512 本当にあった怖い名無し sage 2006/01/29(日) 20:51:52 ID:AqttN5ndO
電話やテレビ、ラジオなど所謂メディアにまつわる怪談は多い。その殆どが、どこかに繋がってしまうというパターンを踏襲している。
便利さの反面、直接的ではない伝達に人間は恐怖心を抱くのだろうか。今から話すのもそれに類似したありふれた体験のひとつ。

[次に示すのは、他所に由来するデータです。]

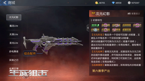 随着9月的到来,《生死狙击》手游第五赛季正式落下了帷幕,第六赛季已然开启!本次的更新内容除了新赛季外,还迎来了《生死狙击》手游最新的英雄级武器—次元幻影。那么,第六赛季给我们带来了哪些惊喜?全新的次元幻影又是一把怎样的武器呢?下面就一起来看一看吧。 第六赛季正式登场,全新等级奖励充满惊喜 在9月10日0点,《生死狙击》手游第六赛季正式开启!本次赛季将会持续近两个月时间,于11月5日24点将正式结束。既然新赛季开启,那么第五赛季的所有赛季数据也将全部重置,赛季的大体规则依然与第五赛季相同,不同点集中在赛季奖励中。 值得注意的是,在第六赛季中,只需要开启赛季贵族奖励即可直接领取一级奖励——最新英雄级武器次元幻影!该武器击杀玩家即可回复能量。随着玩家赛季等级的不断提升,玩家可以从赛季系统中领取海量的奖励,稀有武器、皮肤碎片以及各种其他实用道具材料均可从中获得。并且在本次赛季中,新增了101-300赛季等级奖励,玩家可以从中获得次元幻影合成碎片和赛季宝箱哦。 可变形的能量武器,配件系统增强额外效果 次元幻影是一把英雄级主武器步枪,极具科幻风的外观背后,是采用了可变式结构的模型处理;使得这把次元幻影除了在正常情况下的步枪形态以外,还可以变形为高密度的能量刃。除此之外,游戏还提供了四种配件,用来进一步强化次元幻影,提升战场表现。 作为一把英雄级武器,次元幻影的技能效果自然是玩家关注的重点。首先是次元形变技能,使得次元幻影可以变形为次元刃,切换近战形态,并且在使用次元刃时的每段近战攻击可以额外发射刀波,造成范围伤害。刀形态的次元刃拥有特性次元战神,该特性可以提升玩家移动速度,冒险模式下护盾值翻倍,而在变异战中可使玩家抵挡一次感染哦。 在冒险模式中,装备了光刃激发器配件的次元幻影,可以获得次元光刃特性,刀波伤害翻倍;当装备了力场发生器之后,次元幻影可以获得全新技能-次元杀阵,使用该技能可以释放能够反射并增强次元光刃的次元杀阵,造成更高的伤害;当装备了动能加速器,次元幻影将会获得次元充能特性,使得武器积累能量的效率大幅度提升,增加释放技能的速度;而当次元幻影装备了动能转换器之后,武器将会获得次元转换特性,使得在近战形态下完成击杀或者刀波击杀,可以回复血量与护盾。 《生死狙击》手游第五赛季已经结束,全新的第六赛季正式到来;在全新的赛季中,各种全新的奖励将会进一步丰富玩家们的游戏世界。如果你也想要体验最新的游戏内容,拥有最新的武器道具的话,记得一定要及时登陆游戏,参与全新赛季哦!更多资讯敬请关注《生死狙击》手游官方网站:http://m.issjj.com/。 扫一扫关注生死狙击微信公众号和微博!关注微信公众号,点击公众号菜单“领吗”即可领取更多惊喜福利,更有特惠秒杀活动等你来光顾哦! |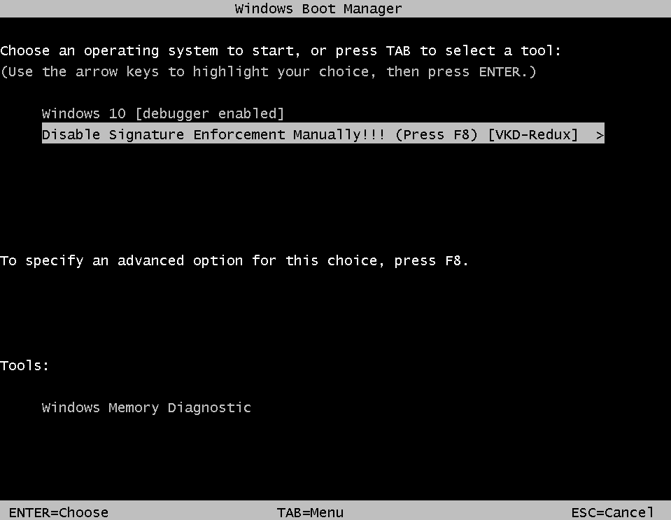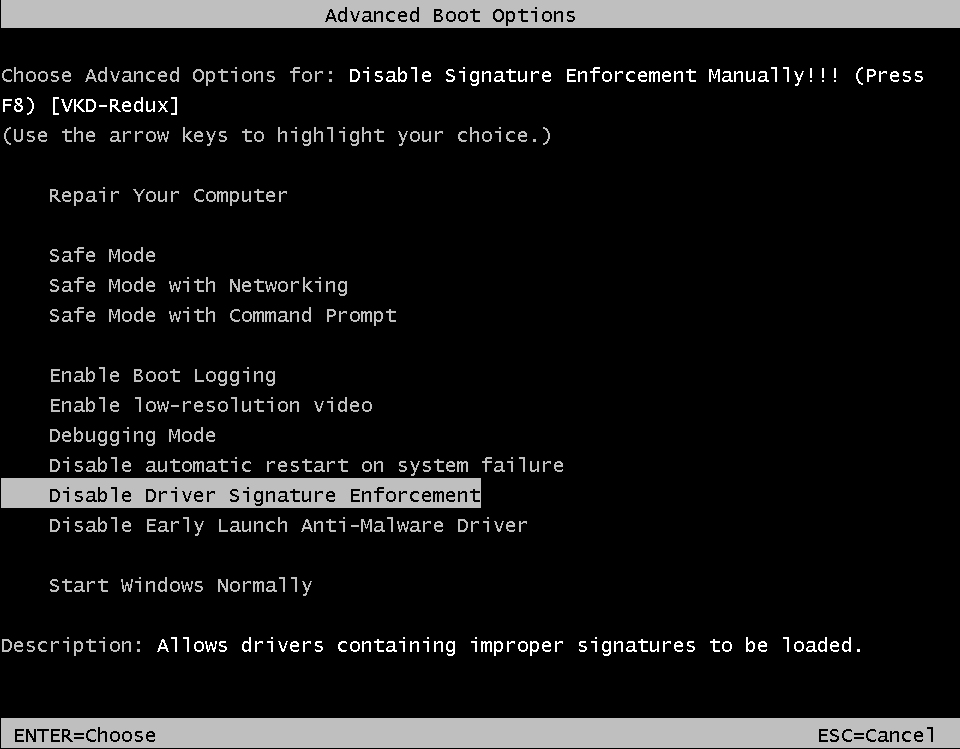 Disable Driver Signature Enforcement를 선택하면 Guest에서의 설정은 끝이다.

中学二年の夏休み、心霊ツアーと称し五歳上の従姉妹と他県まで遠征した。
目的地は某県にある公営団地の廃墟。これはかなり有名な場所で、仮に心霊スポットではなくとも廃墟好きの俺にはたまらないものがあった。

到着したのはまだ陽のあるうちだった。立ち並ぶ無人の団地とそこかしこに残る生活の痕跡は、確かに噂通りの偉容だった。
草が伸び放題の空き地にぽつんと置かれた三輪車、錆びた鉄製のドア、引き出しに衣類がしまわれたままのタンス。そして周囲は緑深い山々。
団地全体が、本来あるべきではない違和感を放っていた。

何となく腰が引けてしまった俺とは対照的に、従姉妹は次から次へ無遠慮に見回っていた。
オカルト好きで変わり者のこの従姉妹は、普段は何を考えているのか分からなかったがこういうときは頼もしかった。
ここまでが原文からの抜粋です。